Thanks to Facebook's rebrand to Meta, the term "metaverse"--a term first coined in Neal Stephenson's 1992 novel, Snow Crash--has become an increasingly common part of our everyday vernacular. Stevenson had envisioned a wholly virtual world where people could escape their day-to-day reality, build community, and live out experiences only available in virtual environments. Today, with an average of 58.9 million Americans using VR at least once a day, Stevenson's sci-fi vision of the future is creeping closer to reality. 

According to Meta, the metaverse is considered the "next evolution of social connection." As a virtual environment of interconnected communities, Meta is designed to bring people together in virtual reality, augmented reality, or mixed reality to shop, play, connect, work, and more. It has been in the making for quite some time, and Gartner predicts that 25 percent of consumers will spend at least one hour per day in the metaverse by 2026. Moreover, they expect 30 percent of businesses to have a presence in the metaverse by 2026 as well. If customer experience centers on delighting customers every time they interact with a brand, then CX experts cannot ignore this burgeoning new world.  

Consider Ikea's early adoption of augmented reality to improve the customer buying process. Launched in 2017, the Ikea Place app allows shoppers to virtually place any of Ikea's 2000-plus products directly into their home with 98 percent size and spatial accuracy. Rather than trying to imagine a piece of furniture in your living room while shopping in the maze that is Ikea, the company provides customers with a far more frictionless experience. This early approach to the metaverse is just a sampling of what's possible for CX teams hoping to deliver unique and exciting experiences to their customers. 

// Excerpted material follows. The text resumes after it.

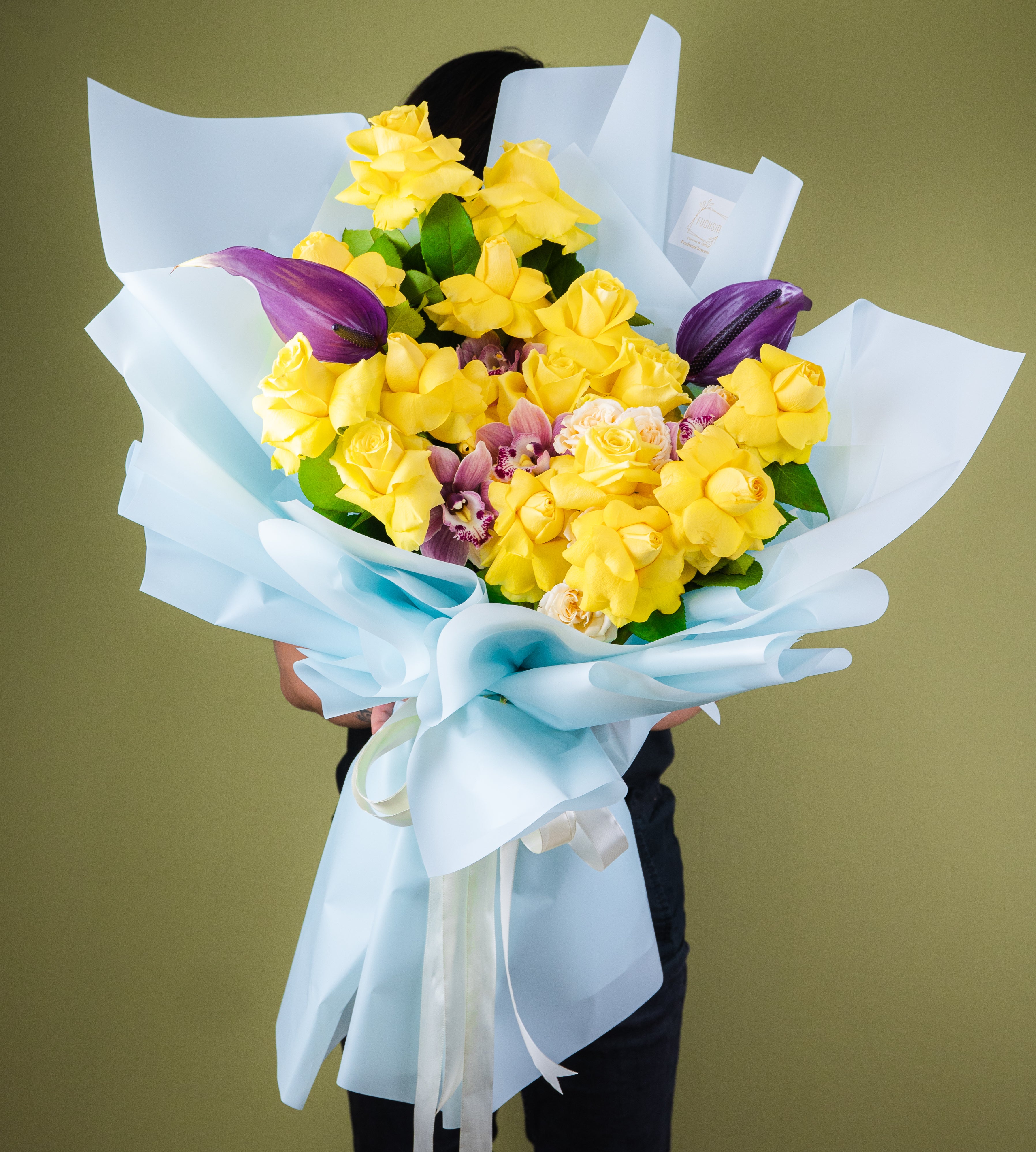 a stunning combination of yellow rose and purple anthurium, radiating the warmth and brightness of sunshine. This unique bouquet is perfect for adding a cheerful touch to any occasion. Delight and impress with its vibrant colors and elegant blooms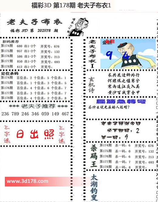 福彩3d第2021178期老夫子布衣图详情:

Of course, the metaverse offers more than reduced points of friction in the buying process. At a time when businesses with an omnichannel engagement strategy retain, on average, 89 percent of their customers, the metaverse is an extremely powerful channel that cannot be ignored. Seventy-five percent of consumers crave a human touch when interacting with businesses, but most omnichannel investments make it harder to make that all too important human connection. Customers will put up with chatbots and online forms to begin conversations, but prefer to eventually speak with a person above all else. The metaverse takes things up a notch, bringing customer service from a phone call to more personal interactions such as avatar-to-avatar or even holograms.  

David Keane, CEO of the sales enablement platform Bigtincan, best explained the potential, stating "In a world where virtual selling environments will eventually become the norm, the metaverse will allow businesses to put their customers first by providing personalized engagement no matter where the engagement is taking place." Keane predicts a world where the consumer is truly in the driver's seat. From using augmented reality to place products into real spaces to interacting with customer service reps in virtual environments, and more, he sees a world of endless potential.  

Because the term "metaverse" only recently gained popularity, many might feel it's a distant reality. But companies like Nike, Microsoft, Ikea, and others are already growing in the metaverse, leading customers to expect all businesses to follow suit. CX teams looking to future-proof their omnichannel strategy either can start planning for this future or risk getting left in the past.